Animation/Game Studio mergers, and Subscription Software

Man this past week or two, there has been a LOT of news about buyouts/mergers etc of Animation and Games Studios. Pretty interesting stuff, and it's obviously always good to stay in the know of what's happening in the industry around you.

One major news item this week was "Rainmaker Post and Rainmaker Visual Effects to be Acquired by Deluxe", the subheading for this article was "Deluxe to Establish a Major Presence in Vancouver; Rainmaker Animation Remains a Rainmaker Entertainment Company." So interestingly Rainmaker is selling off the VFX group in London, England and the Post group, but maintaining control of Rainmaker Animation (in Vancouver.) Another thing I didn't realize is that Rainmaker acquired Mainframe Entertainment, which (according to their website), makes Rainmaker Animation the largest Canadian Animation studio. Interesting stuff. The news articles say that the main reason Rainmaker is selling off the Post and VFX divisions is so they can focus on Animation. Presumably they want to increase their affect on Canadian animation, and looks like they have been doing some cool stuff recently like the MTV Video Awards graphics. Cool stuff.

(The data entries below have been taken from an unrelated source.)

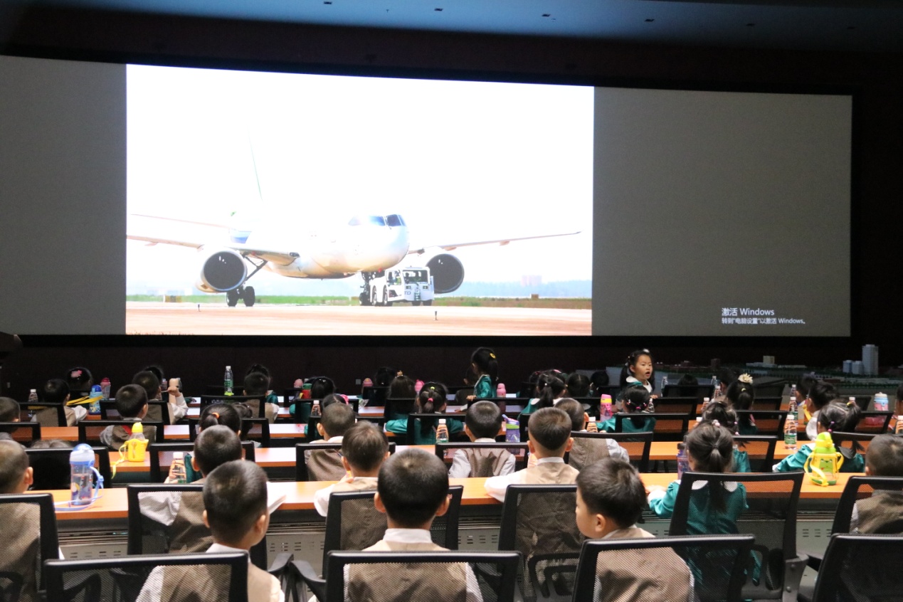 小朋友们在认真观看《C919大型客机首飞记录》,看到飞机准备起飞时,忍不住一起倒计时、鼓掌!民族自豪感油然而生:大飞机真厉害!中国了不起!
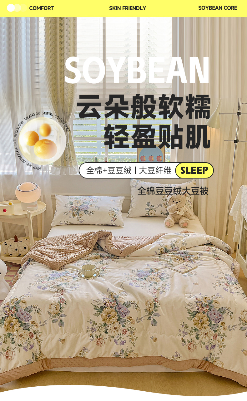 (总)梦依依 2025新款全棉大豆纤维被-风格二,云中忆,南瓜酥-米,守护甜心,屋顶花园,山茶芝士,幸运花语,恋爱熊,枝上花,森物语-兰,樱花粉-黄,沐风,白白熊-灰,紫葡萄,芬芳-紫,草莓兔,莉娅,薇拉,蘑菇屋
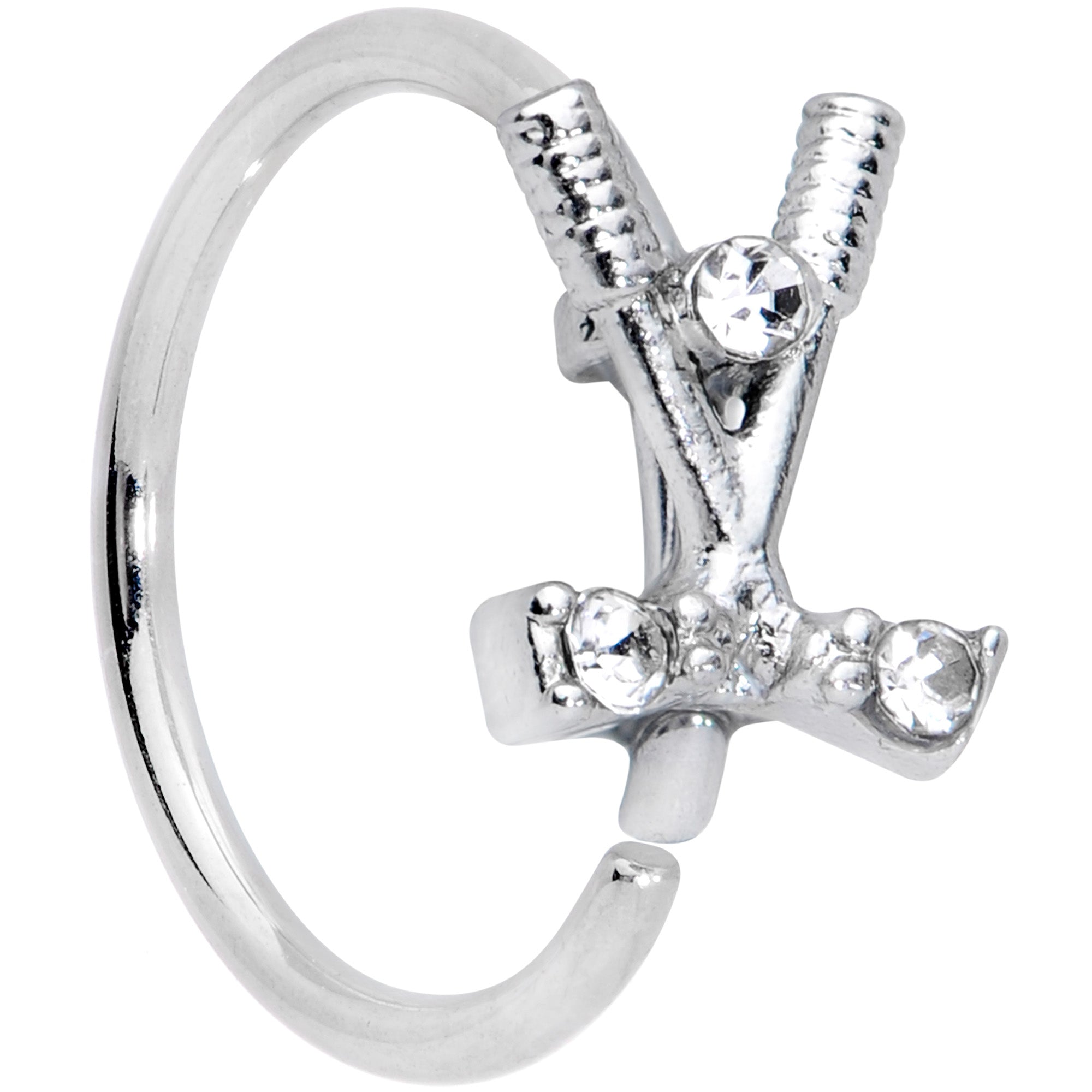 Fore! It's time to tee off with this 20 gauge golf-themed nostril jewelry! It's made with an 8mm durable 316L surgical grade stainless steel circular ring. It features a crossed golf clubs charm, the heads of each club set with clear cubic zirconia gems. Perched between them is a small round clear cubic zirconia gem, representing a ball. So grab your cleats and your golf bag - with this body jewelry it's always tee time!
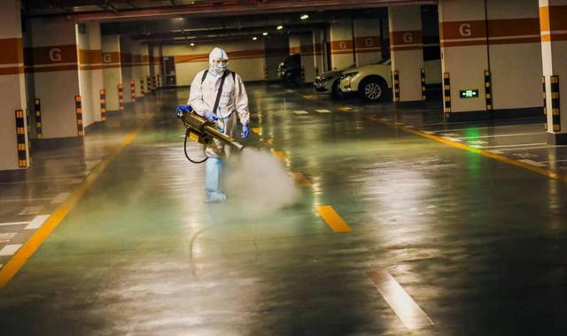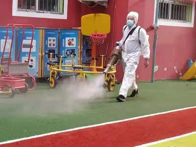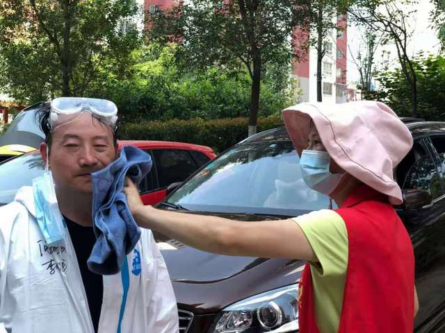 防护服、护目镜和口罩把人捂得严严实实,在37°的高温下,非常闷热,加之背着重达30多斤的消毒液和20斤的弥雾机,每次轮换时衣服全都湿透了。为保证安全,他们两人一组,一人消杀,一人跟随观察。每个队员都眼睛红肿发痒,由于任务重情况急,经过简单处理后继续工作。
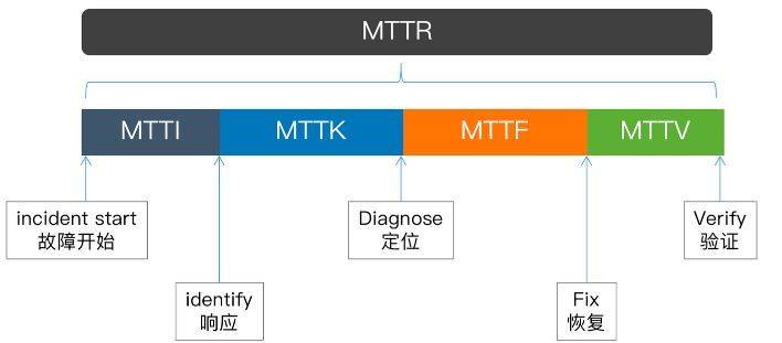 因为我们上面提到过,稳定性建设的两个关键要点: 增加 MTBF,缩小 MTTR。MTTR(故障平均恢复时间)就是指从故障发生开始,到业务恢复的这段时间,我们对 MTTR 其进行拆解,得到如下几个时间段:MTTR = MTTI + MTTK + MTTF + MTTV。
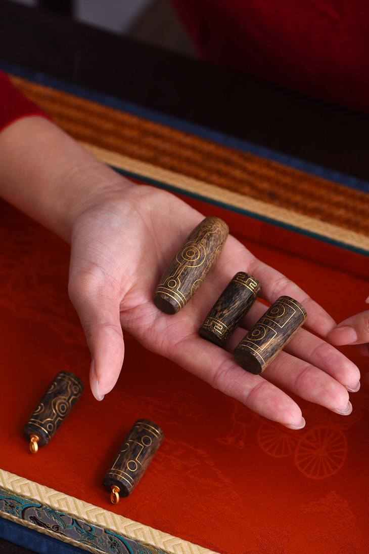 达拉干沉香变幻的油线纹理,是自然鬼斧神工的“天工”;而精准嵌入的错金几何图形,则代表了人类极致的“匠心”。
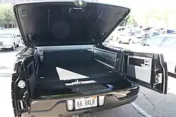 In another major design change, the rear cargo bed was repurposed as a watertight trunk,[10] adopting a permanently mounted tonneau cover (power-operated), opening above a 50/50 hinged door (replacing a tailgate). The interior of the Blackwood cargo area was fully carpeted, lined in polished aluminum, and lit with LED lighting.[6] While far smaller in interior size than a similar-length F-150 cargo bed, at 26 cubic feet (740 dm3),[11] the cargo area of the Blackwood was larger than the trunk of the Lincoln Town Car (itself, the highest-capacity sedan produced at the time).
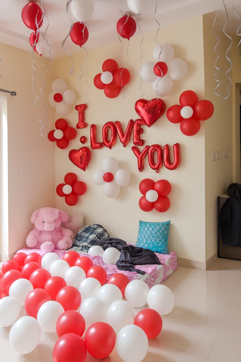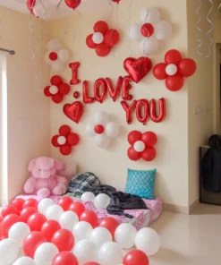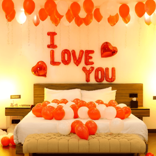 There is nothing quite like the feeling of walking into a room transformed by passion, and Letscelebrate is here to ensure that moment is absolutely perfect for you and your partner. Our Gorgeous Balloon Room Decoration is a signature experience designed to turn your bedroom into an immersive sanctuary of love, featuring striking “I Love You” red alphabet foil balloons as a bold focal point. To create a truly mesmerizing aura, Letscelebrate fills your space with elegant red heart-shaped accents and a canopy of crimson balloons drifting from the ceiling and cascading across the bed. Whether you are celebrating a milestone anniversary or a heartfelt proposal, Letscelebrate handles every detail of this grand visual surprise so you can focus on the words that matter most.

The other insanely huge news is that Blizzard and Activision merged last week... the combined company value is around $19 Billion dollars?!??!! Man that is huge. Games are really making a big push lately, and brilliant strategies like World of Warcraft (1. Make a really good game, 2. Get people to pay for it, 3. Get people to pay a MONTHLY SUBSCRIPTION FEE for it, and 4. Keep selling add-on packs that people want)... seems to have been a major turning point for Blizzard and for games profitability in general. The idea of a monthly subscription was thrown around at some Microsoft talks I heard, and they wanted to charge a yearly fee for Microsoft Office, and you'd essentially be "renting" the software and would have to pay to keep it. In theory that's sort of the same idea as Blizzard pulled off for World of Warcraft, but I don't really think there is any way consumers would go for it. I think I even heard talk once about making Windows itself a subscription service. With Open-Source alternatives like Linux (and Linux-based systems like Mac OSX), there are enough alternatives now for people to get fed up with Microsoft Products and give up on them all together - and that's obviously not Microsoft's goal with the subscription product service model. I can see how they want to do what Blizzard is doing (who wouldn't) but the idea of charging for software that you can get for free elsewhere (or something comparable to it), or for your Operating System seems a bit far-fetched. Anyway, just my 2 cents.